The vector index is a key component of Weaviate's search capabilities. It allows you to search for vectors based on their similarity to a query vector, and to retrieve the objects that are associated with those vectors.

Weaviate offers multiple types of vector indexes, each with its own strengths and weaknesses. Each index is also configurable, allowing you to tune its performance to your specific use case.

This course will introduce you to the different types of vector indexes available in Weaviate, and how to configure them to best suit your use case.

Learning objectives

  Here, we will cover:

Learning Goals
  • What vector index types are available, when to select each one and how to configure them.

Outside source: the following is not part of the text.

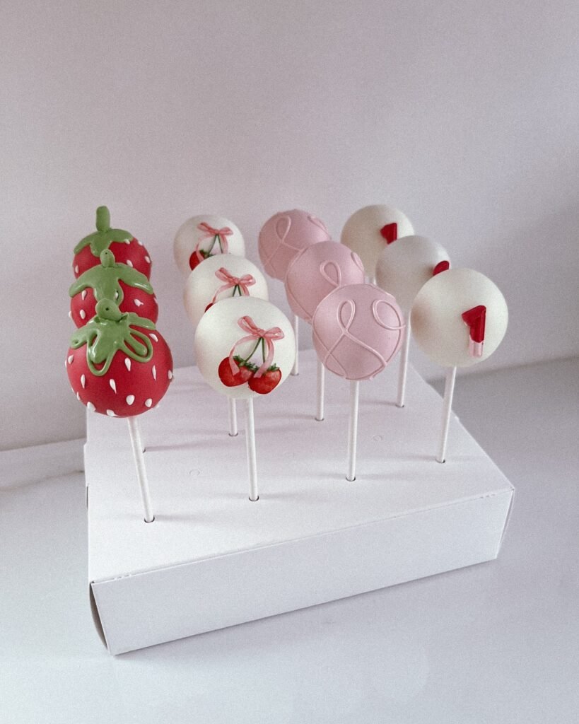 These berry-inspired cake pops are the perfect addition to any dessert table. The red and pink coatings, designed to look like strawberries, make these treats both delicious and visually stunning. The sweet, creamy center complements the soft, melt-in-your-mouth outer layer, while the delicate decorations, like the number “1,” tie them perfectly to the first birthday celebration. These cake pops are both adorable and scrumptious, making them a fun treat for all ages.
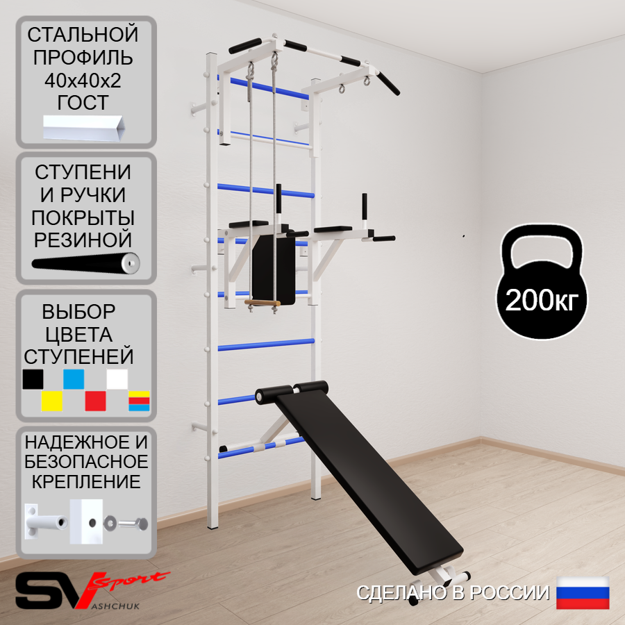КОМПЛЕКТАЦИЯ: Шведская стенка Sv Sport (профиль вертикальных стоек 40 х 40 х 2 мм), Турник Sv Sport стандарт к ШС, Брусья Sv Sport к ШС, Скамья для пресса и жима Sv Sport к ШС, Трапеция.

  By the time you are finished, you will be able to:

Learning Outcomes
  • Name available vector index types in Weaviate.
  • Select an appropriate index type for a given use case.
  • Recite relationships between HNSW parameters and search performance.
  • Describe how quantization affects each index type.
  • Create collections with your chosen vector index type and preferred parameters.

Units

1. Vector index: Overview

Practical

What is a vector index, and why is it important?

2. HNSW index in depth

Practical

Learn about the HNSW index type, and how to tune it for your use case.

3. Flat index in depth

Practical

Learn about the flat index type, and how to tune it for your use case.

4. Dynamic index in depth

Practical

Learn about the dynamic index type, and how to tune it for your use case.